Il private insurance per la clientela corporate

Cosa sono? Con il termine COLI (o corporate-owned life insurance) si individuano oltreoceano tutti quei prodotti assicurativi appartenenti al ramo vita che vedono l’impresa come contraente e beneficiario di polizza. Quando non assumono la forma del prodotto di capitalizzazione, la figura dell’assicurato si individua di norma in uno dei soggetti apicali dell’impresa (es. amministratore delegato, socio fondatore ecc., o key man) ovvero, in quanto non si può escludere del tutto, in un qualsivoglia altro impiegato della stessa. Si possono inquadrare in polizze di puro rischio, ma molto più di frequente in prodotti di investimento assicurativi di ramo I e/o III. In cosa si distinguono? Per comprendere al meglio il prodotto COLI, si può procedere ad una breve comparazione con le c.d. group life policies (o polizze collettive). Di norma inquadrati come fringe benefit (o compensi in natura) offerti dall’impresa ai propri dipendenti per finalità di protezione, anche dei propri familiari, nelle polizze collettive caso morte l’impresa relega il suo ruolo a quello di firmatario del contratto di assicurazione e a soggetto obbligato al pagamento dei premi assicurativi. Infatti la polizza può essere vista come un contratto quadro in cui il singolo dipendente dell’impresa, dopo avervi aderito, diviene soggetto assicurato e per l’appunto “aderente”: in quanto tale può esercitare diversi diritti connessi alla polizza, tra cui la designazione del beneficiario. Ed è proprio quest’ultimo uno degli aspetti principali che differenzia la polizza COLI dalla group life policy: il soggetto beneficiario non è l’impresa ma potenzialmente gli eredi del dipendente (o chiunque sia designato come tale dal dipendente aderente).

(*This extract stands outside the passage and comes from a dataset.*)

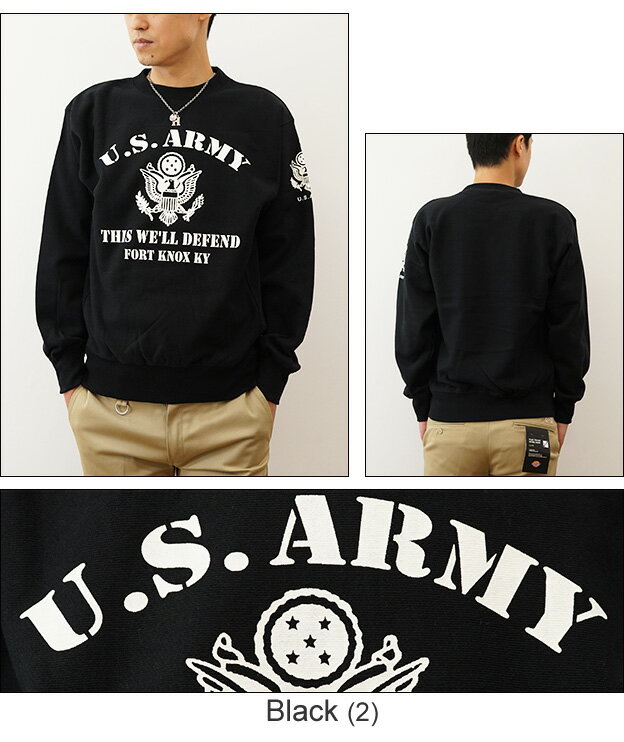 (12ozスウェット)『U.S. ARMY KY』 オリジナル アーミー ミリタリー プリント クルーネック スエット 長袖 ヘビーウエイト トレーナー メンズ レディース 大きいサイズ ビッグサイズ対応 厚手 裏起毛 リバースウィーブ アメリカ 陸軍 米軍 イーグル 鷲 【12SW-KY】

Nicola Alvaro | Chief Legal & Wealth Sructuring Officer Generali Luxembourg S.A. Nicola Alvaro è Chief Legal & Wealth Structuring Officer di Generali Luxembourg e guida un team di legali ed esperti di “insurance & wealth planning” a livello internazionale. Ha una doppia laurea in Giurisprudenza, con specializzazione in Giurista Internazionale d’Impresa, nonché in Economia aziendale e ha perfezionato il suo percorso di studi con un Master in Diritto e impresa presso la Business School del Sole 24 Ore oltre ad aver frequentato il primo master in trasmissione e gestione dei patrimoni organizzato da STEP Italy (la branch italiana dell’associazione “The society of trust and estate practioners” che raccoglie a livello mondiale i professionisti ed esperti di trust, patrimoni e successioni). E’ abilitato alla professiona di avvocato sia in Italia che in Spagna, è full-TEP member nonchè componente del comitato tecnico di STEP Italy.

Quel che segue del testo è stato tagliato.